## What is expected
Reproduce, character for character, the lines below from the first through the one with "聚焦于传统搜索引擎(如Goo". Leave pictures out.

## Data excerpts
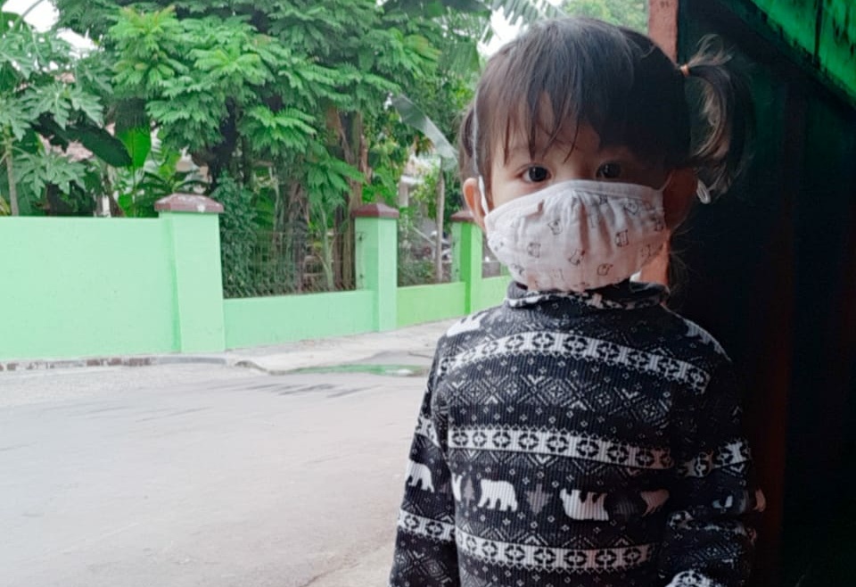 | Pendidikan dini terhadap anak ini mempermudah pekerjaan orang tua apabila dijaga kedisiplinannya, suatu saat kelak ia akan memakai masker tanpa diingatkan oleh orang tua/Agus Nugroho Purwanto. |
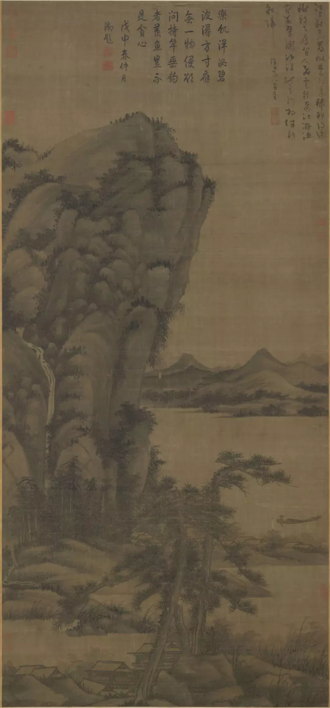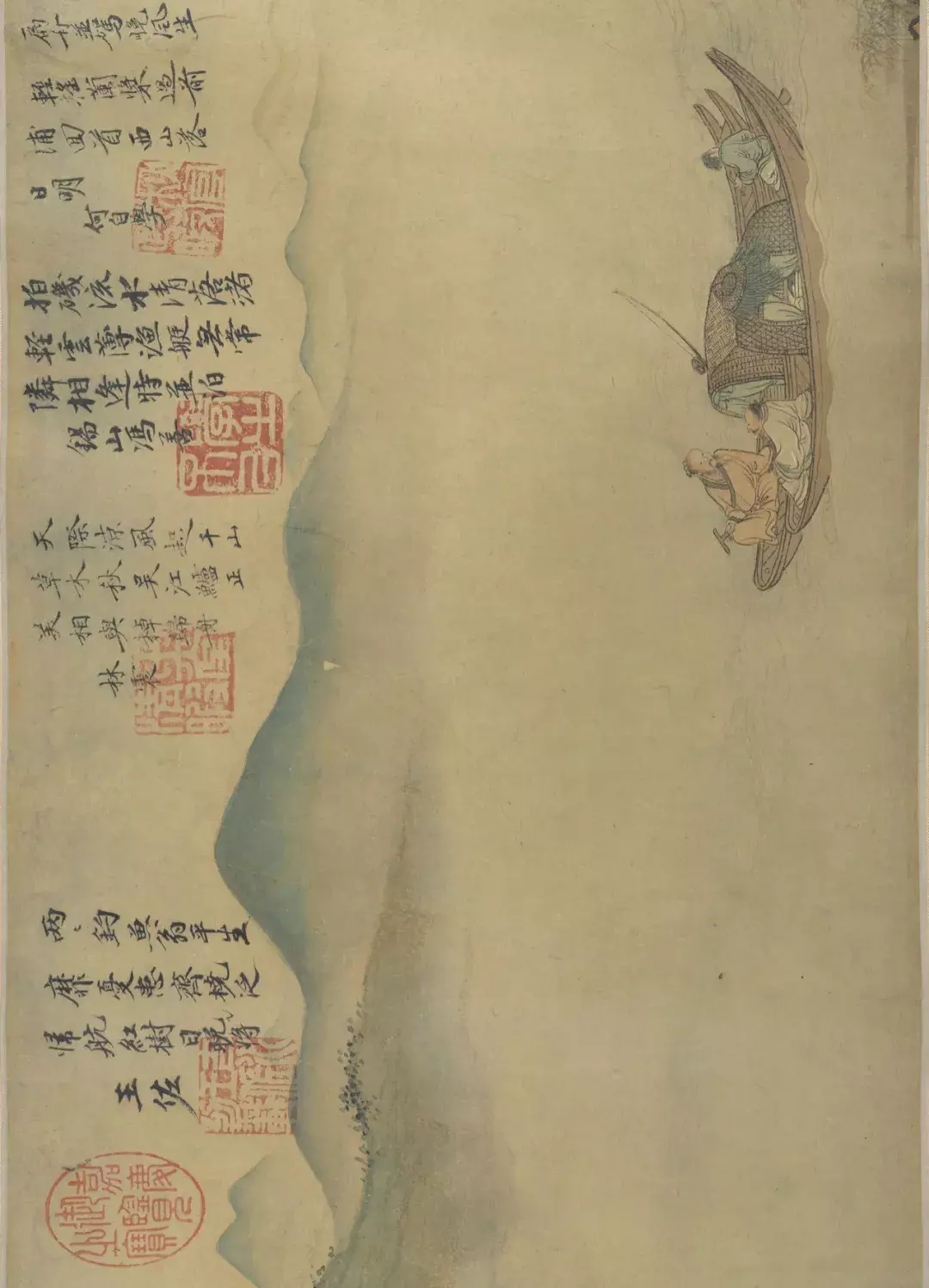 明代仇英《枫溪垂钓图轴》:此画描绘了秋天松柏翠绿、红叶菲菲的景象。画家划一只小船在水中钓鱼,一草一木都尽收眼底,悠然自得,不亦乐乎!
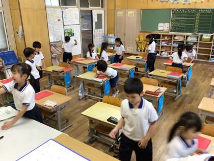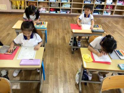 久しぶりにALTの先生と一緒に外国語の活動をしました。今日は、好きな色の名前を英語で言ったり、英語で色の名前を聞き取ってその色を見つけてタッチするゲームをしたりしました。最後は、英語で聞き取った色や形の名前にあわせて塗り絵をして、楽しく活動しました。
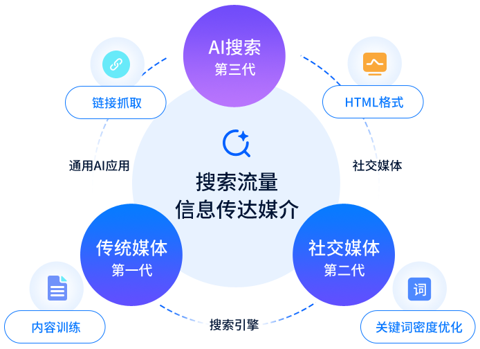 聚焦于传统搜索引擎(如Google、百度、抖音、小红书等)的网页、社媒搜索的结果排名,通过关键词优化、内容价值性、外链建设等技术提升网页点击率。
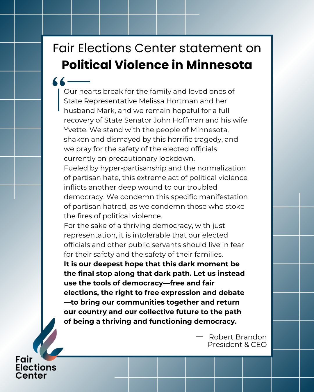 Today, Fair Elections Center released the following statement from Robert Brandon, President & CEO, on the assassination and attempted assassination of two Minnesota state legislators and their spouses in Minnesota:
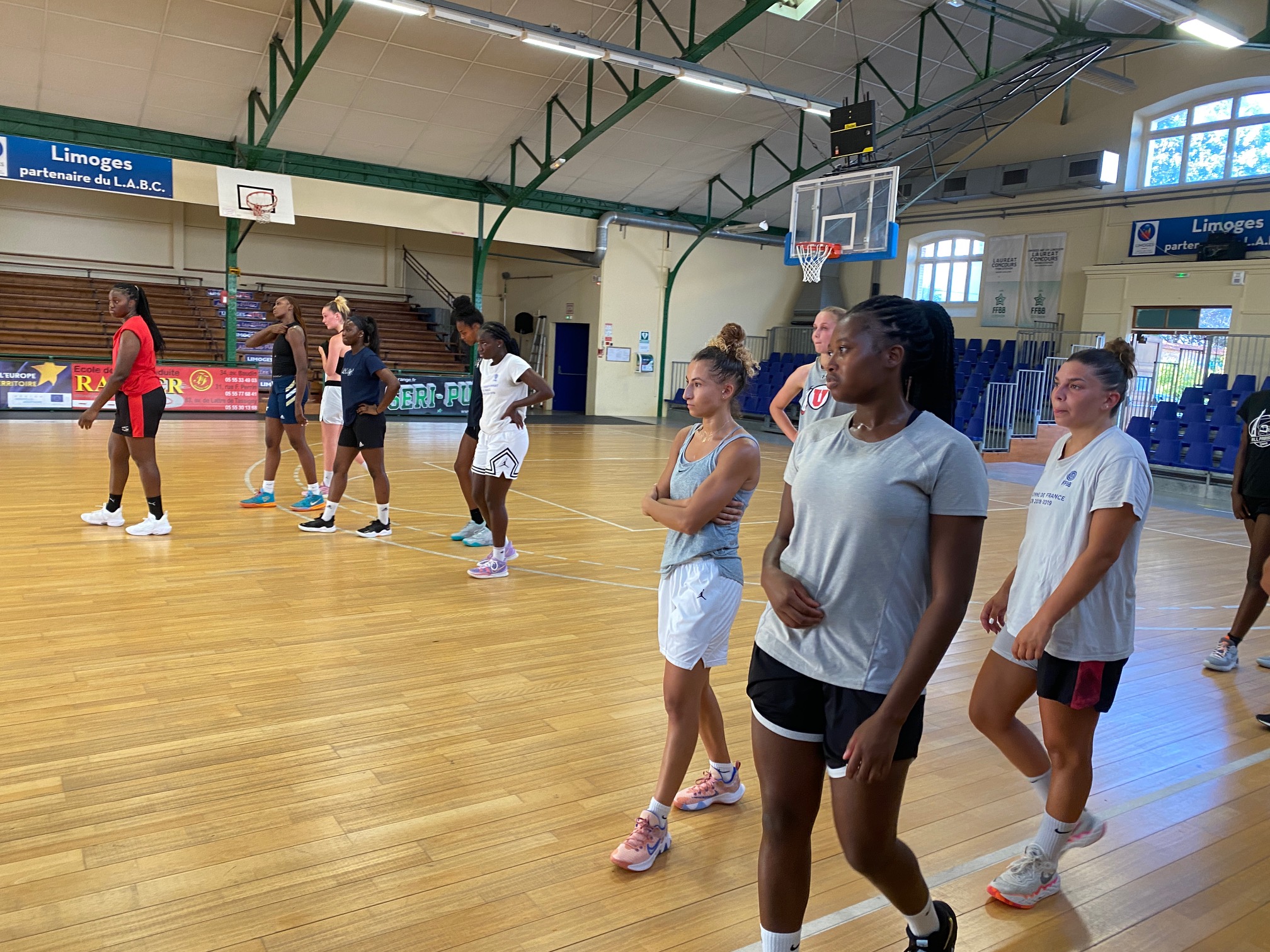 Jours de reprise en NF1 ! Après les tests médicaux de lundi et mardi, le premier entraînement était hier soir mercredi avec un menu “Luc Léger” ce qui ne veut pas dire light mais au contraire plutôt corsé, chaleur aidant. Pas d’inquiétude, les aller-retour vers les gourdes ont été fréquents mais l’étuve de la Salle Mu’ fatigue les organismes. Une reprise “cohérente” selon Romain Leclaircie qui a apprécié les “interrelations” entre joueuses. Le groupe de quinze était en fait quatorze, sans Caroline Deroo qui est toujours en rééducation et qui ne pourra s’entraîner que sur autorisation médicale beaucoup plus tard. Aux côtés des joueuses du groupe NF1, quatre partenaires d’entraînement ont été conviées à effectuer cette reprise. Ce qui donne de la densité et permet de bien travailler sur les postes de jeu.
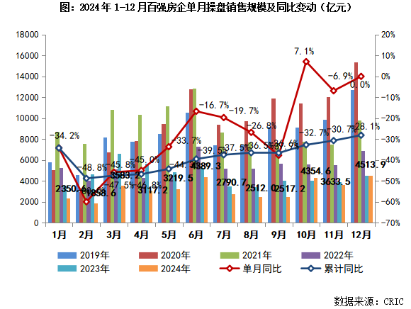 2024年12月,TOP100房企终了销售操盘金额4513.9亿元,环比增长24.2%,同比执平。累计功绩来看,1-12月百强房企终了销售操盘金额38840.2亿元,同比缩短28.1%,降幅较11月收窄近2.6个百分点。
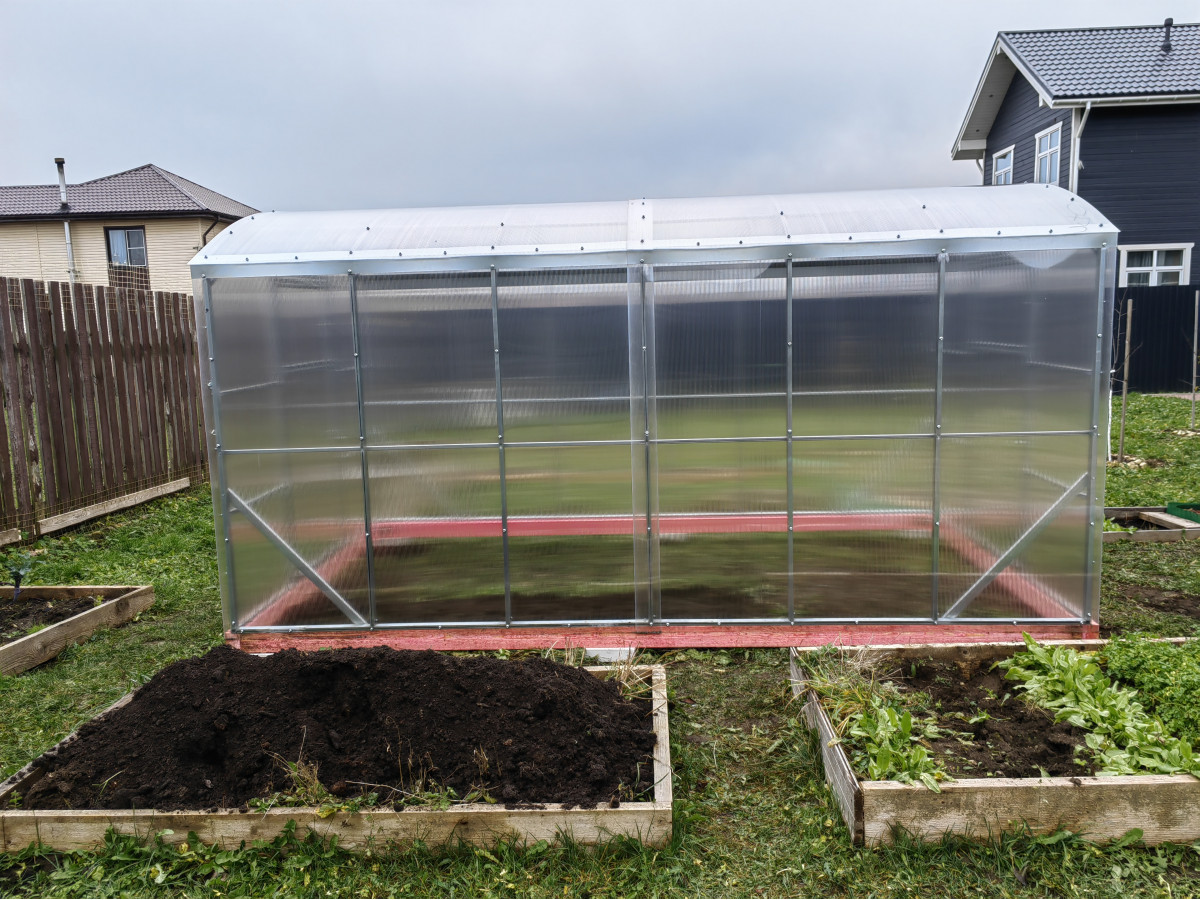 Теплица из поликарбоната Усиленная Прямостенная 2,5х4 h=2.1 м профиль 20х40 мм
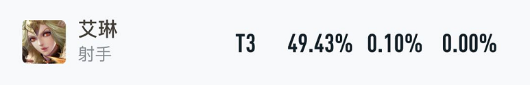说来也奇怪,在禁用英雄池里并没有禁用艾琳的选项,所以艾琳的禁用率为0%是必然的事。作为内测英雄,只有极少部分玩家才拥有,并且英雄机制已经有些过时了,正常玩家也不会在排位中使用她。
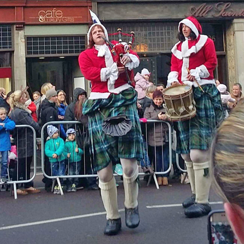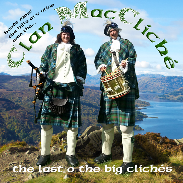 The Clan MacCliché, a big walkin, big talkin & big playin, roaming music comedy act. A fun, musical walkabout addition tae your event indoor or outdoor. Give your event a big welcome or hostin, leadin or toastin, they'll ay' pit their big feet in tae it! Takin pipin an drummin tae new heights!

## Finished exercise
 | Pendidikan dini terhadap anak ini mempermudah pekerjaan orang tua apabila dijaga kedisiplinannya, suatu saat kelak ia akan memakai masker tanpa diingatkan oleh orang tua/Agus Nugroho Purwanto. |
 明代仇英《枫溪垂钓图轴》:此画描绘了秋天松柏翠绿、红叶菲菲的景象。画家划一只小船在水中钓鱼,一草一木都尽收眼底,悠然自得,不亦乐乎!
 久しぶりにALTの先生と一緒に外国語の活動をしました。今日は、好きな色の名前を英語で言ったり、英語で色の名前を聞き取ってその色を見つけてタッチするゲームをしたりしました。最後は、英語で聞き取った色や形の名前にあわせて塗り絵をして、楽しく活動しました。
 聚焦于传统搜索引擎(如Google、百度、抖音、小红书等)的网页、社媒搜索的结果排名,通过关键词优化、内容价值性、外链建设等技术提升网页点击率。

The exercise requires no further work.